───── DATA LISTING ─────
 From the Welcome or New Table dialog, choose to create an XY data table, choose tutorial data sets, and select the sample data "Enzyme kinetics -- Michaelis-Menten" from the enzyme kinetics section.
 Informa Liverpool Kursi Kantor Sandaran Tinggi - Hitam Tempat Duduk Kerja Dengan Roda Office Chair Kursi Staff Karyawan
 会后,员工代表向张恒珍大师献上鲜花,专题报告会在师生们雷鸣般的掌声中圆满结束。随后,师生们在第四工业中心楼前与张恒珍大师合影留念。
─────
───── DATA LISTING ─────
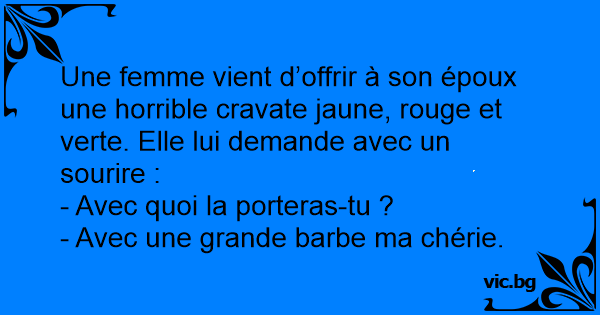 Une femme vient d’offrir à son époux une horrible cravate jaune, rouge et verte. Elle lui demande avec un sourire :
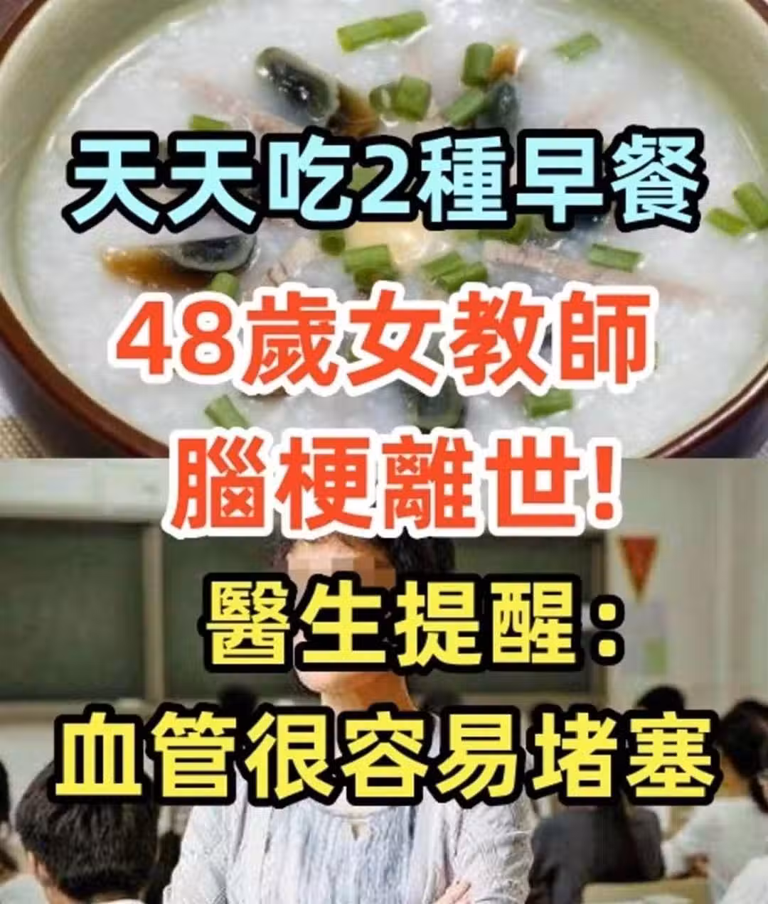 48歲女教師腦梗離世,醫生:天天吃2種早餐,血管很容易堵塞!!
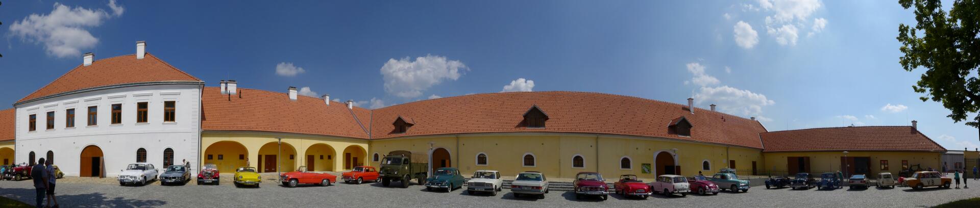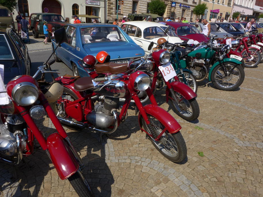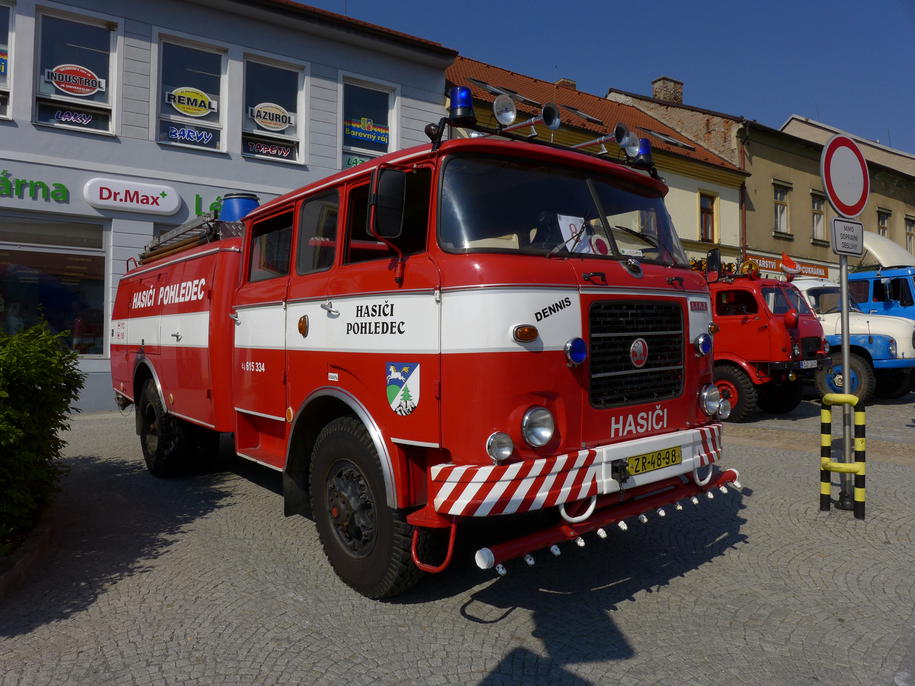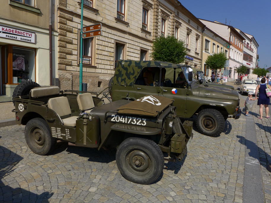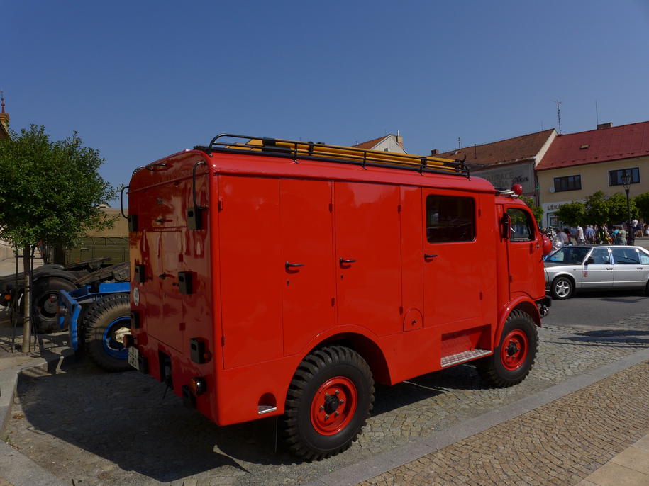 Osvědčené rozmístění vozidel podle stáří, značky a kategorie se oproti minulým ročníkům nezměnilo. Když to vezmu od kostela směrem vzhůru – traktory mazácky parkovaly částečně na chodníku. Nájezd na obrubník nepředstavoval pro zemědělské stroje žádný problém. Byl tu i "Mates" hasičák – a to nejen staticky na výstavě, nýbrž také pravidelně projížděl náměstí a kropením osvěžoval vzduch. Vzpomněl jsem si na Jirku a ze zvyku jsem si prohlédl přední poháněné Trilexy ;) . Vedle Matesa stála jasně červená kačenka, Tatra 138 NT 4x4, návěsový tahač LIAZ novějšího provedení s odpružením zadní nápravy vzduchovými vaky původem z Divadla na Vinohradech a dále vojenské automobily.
─────
───── DATA LISTING ─────
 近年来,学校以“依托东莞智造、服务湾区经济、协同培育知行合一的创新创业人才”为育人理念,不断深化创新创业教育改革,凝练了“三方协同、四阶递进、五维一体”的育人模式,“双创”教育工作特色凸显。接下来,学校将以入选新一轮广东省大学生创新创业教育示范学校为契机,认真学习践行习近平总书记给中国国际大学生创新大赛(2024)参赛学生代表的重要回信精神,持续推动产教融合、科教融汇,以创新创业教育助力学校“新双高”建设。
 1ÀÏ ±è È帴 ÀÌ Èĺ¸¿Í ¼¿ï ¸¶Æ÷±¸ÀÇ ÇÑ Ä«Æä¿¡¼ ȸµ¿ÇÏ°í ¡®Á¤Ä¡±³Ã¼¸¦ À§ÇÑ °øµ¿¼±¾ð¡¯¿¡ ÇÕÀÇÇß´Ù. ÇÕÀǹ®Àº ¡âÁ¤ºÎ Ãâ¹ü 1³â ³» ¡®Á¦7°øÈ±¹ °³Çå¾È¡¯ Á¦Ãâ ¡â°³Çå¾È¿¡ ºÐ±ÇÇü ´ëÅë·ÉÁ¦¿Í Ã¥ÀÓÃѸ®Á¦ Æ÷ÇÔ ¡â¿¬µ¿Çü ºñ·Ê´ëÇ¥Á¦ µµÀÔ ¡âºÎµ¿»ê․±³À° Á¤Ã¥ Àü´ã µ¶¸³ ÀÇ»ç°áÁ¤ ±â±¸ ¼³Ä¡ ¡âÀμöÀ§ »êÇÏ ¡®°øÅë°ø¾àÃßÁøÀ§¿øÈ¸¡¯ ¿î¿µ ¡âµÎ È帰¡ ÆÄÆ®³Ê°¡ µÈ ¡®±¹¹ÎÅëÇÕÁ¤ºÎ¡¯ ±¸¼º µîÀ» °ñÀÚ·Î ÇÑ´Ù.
─────
_TASK_.
Reproduce the lines above, beginning at the line with "From the Welcome" and stopping after the line with "会后,员工代表向张恒珍大师献", exactly as they are.

_RESULT_.
 From the Welcome or New Table dialog, choose to create an XY data table, choose tutorial data sets, and select the sample data "Enzyme kinetics -- Michaelis-Menten" from the enzyme kinetics section.
 Informa Liverpool Kursi Kantor Sandaran Tinggi - Hitam Tempat Duduk Kerja Dengan Roda Office Chair Kursi Staff Karyawan
 会后,员工代表向张恒珍大师献上鲜花,专题报告会在师生们雷鸣般的掌声中圆满结束。随后,师生们在第四工业中心楼前与张恒珍大师合影留念。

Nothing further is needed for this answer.